$10.40 an hour (updated)
Lies, damn lies, statistics and journalism department:
PD story Monday about Steelyard Commons Wal-Mart turning away thousands of applicants to hire 300:
Wal-Mart’s average hourly wage in Ohio is $10.40, for annual pre-tax earnings of $21,632. For someone making minimum wage, that’s a jump. Even if $10.40 is a little less than someone made in a previous job, Wal-Mart’s 10-percent employee discount might help offset the difference.
Kevin O’Brien’s column this morning:
The good news was that more than 6,000 people recognized that those jobs - those $10.40-an-hour jobs with less-than-perfect benefits - were better than nothing.
On the Sound Of Ideas this morning, Dan Moulthrop repeated as a fact the $10.40 wage figure in connection with employment at SYC Wal-Mart.

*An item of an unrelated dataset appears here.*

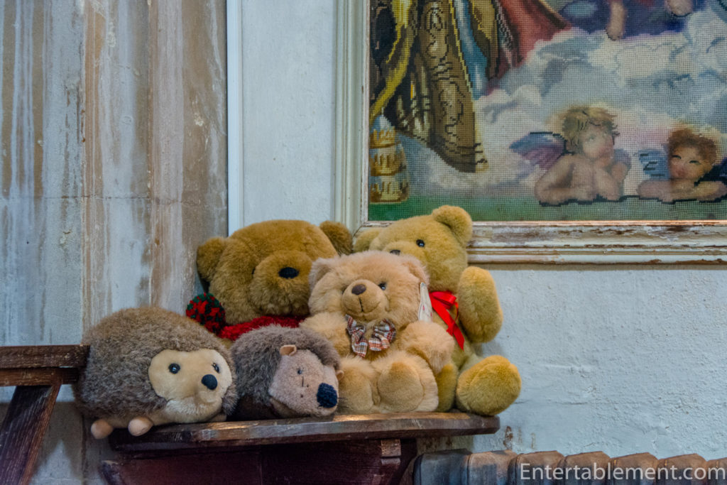 Or perhaps I was influenced by these, which greeted us just inside the church. I particularly loved the hedgehogs. They reminded me of “Medium Norman”, one of our dogs’ stuffed toys, so named because he comes in several sizes, not due to an extrasensory occupation.

Actually, the PD is a bit confused. $10.65 an hour, not $10.40, is the number Wal-Mart gives as the “average” for full-time hourly associates nationwide. I can’t find any clear statement about whether “average” means “mean” or “median”. Critics have said that similar numbers asserted in the past were probably means, not medians, that included some very high-paid executives to skew the average upward. But let’s give Wal-Mart the benefit of the doubt today, and assume that “average” means “median”.
1. “Median” means half of all such employees in Ohio make less. Did any reporter bother to ask Wal-Mart how much the employees starting at the SYC store are making? How about the starting pay for cashiers, specifically?
2. Many Wal-Mart employees are not full-time. Did any reporter bother to ask how many of the SYC store’s employees will be fulltime and how many part-time? What’s the median hourly wage for the part-timers? What are part-timers at SYC making?
3. $10.40 $10.65 an hour is an assertion by Wal-Mart management. Did any reporter bother to try to verify it from a second source, e.g. the new employees themselves (or non-hires who got interviewed)?
Because, you know, real journalists have standards.
P.S. ACORN used state withholding records to try to figure out the real Wal-Mart wage picture in Florida in 2005, when the company was saying its average national hourly wage was $9.63. Here’s their report. It concludes that only a third of Wal-mart’s positions in the state paid at or above the company’s claimed national average hourly wage.
November 29th, 2007 at 11:39 am
Ohh! You are so tough on the real journalists, Bill!
November 30th, 2007 at 7:55 am
[...] $10.65 an hour is an assertion by Wal-Mart management. Did any reporter bother to try to verify it from a second source, e.g. the new employees themselves (or non-hires who got interviewed)? Because, you know, real journalists have standards. Bill Callahan digg_url=”http://havecoffeewillwrite.com/?p=5711″; digg_skin = ‘compact’; [...]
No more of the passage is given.